▶ [DATA EXTRACT]:
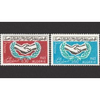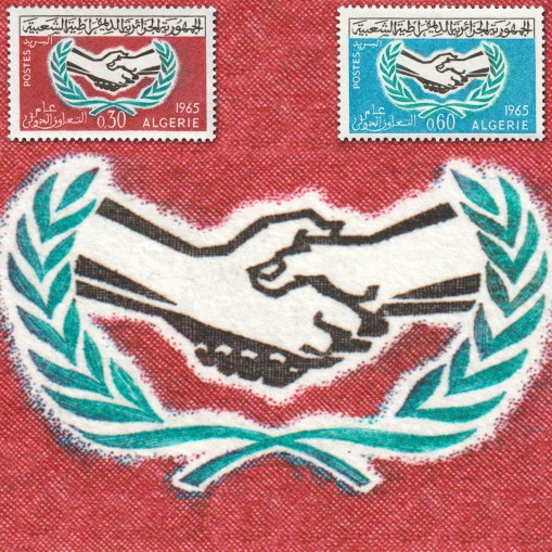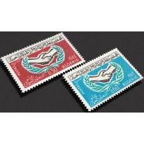 Znaczki upamiętniające Międzynarodowy Rok Współpracy. Na znaczkach przedstawiono uścisk dłoni otoczony wieńcem laurowym.
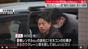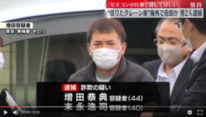 増田恭典と末永浩司ら2人がクレーン車を騙し取ったとして逮捕。
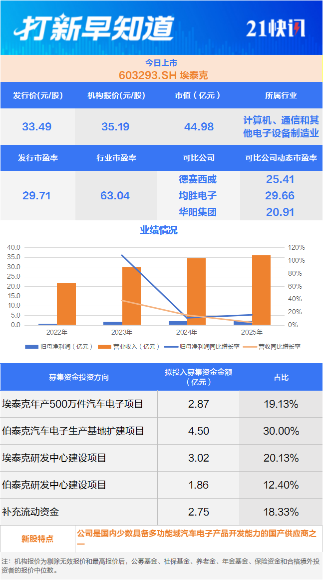 车身域控制器龙头等3只新股今日上市丨打新早知道
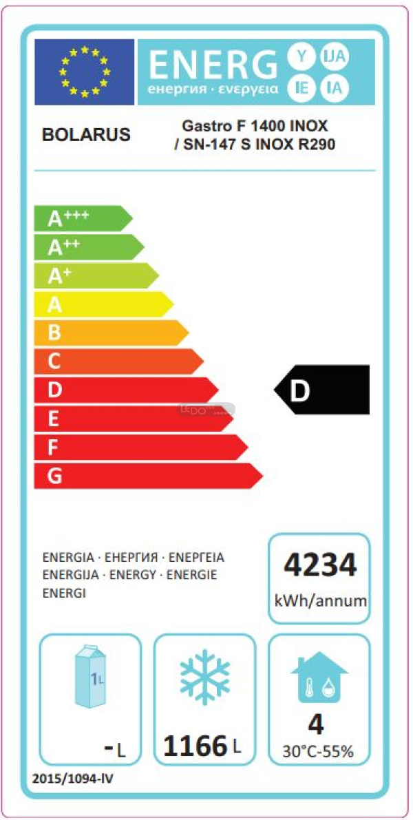 Mrazicí skříň Gastro Inox F1400 – dvoje dveře

▶ [EXERCISE DIRECTIONS]: Skip the pictures. Please copy exactly the lines from the one with "车身域控制器龙头等3只新股今日上市丨打新早知道" through the final line of the material above, both ends included.

▶ [RESPONSE TO THIS TASK]:
 车身域控制器龙头等3只新股今日上市丨打新早知道
 Mrazicí skříň Gastro Inox F1400 – dvoje dveře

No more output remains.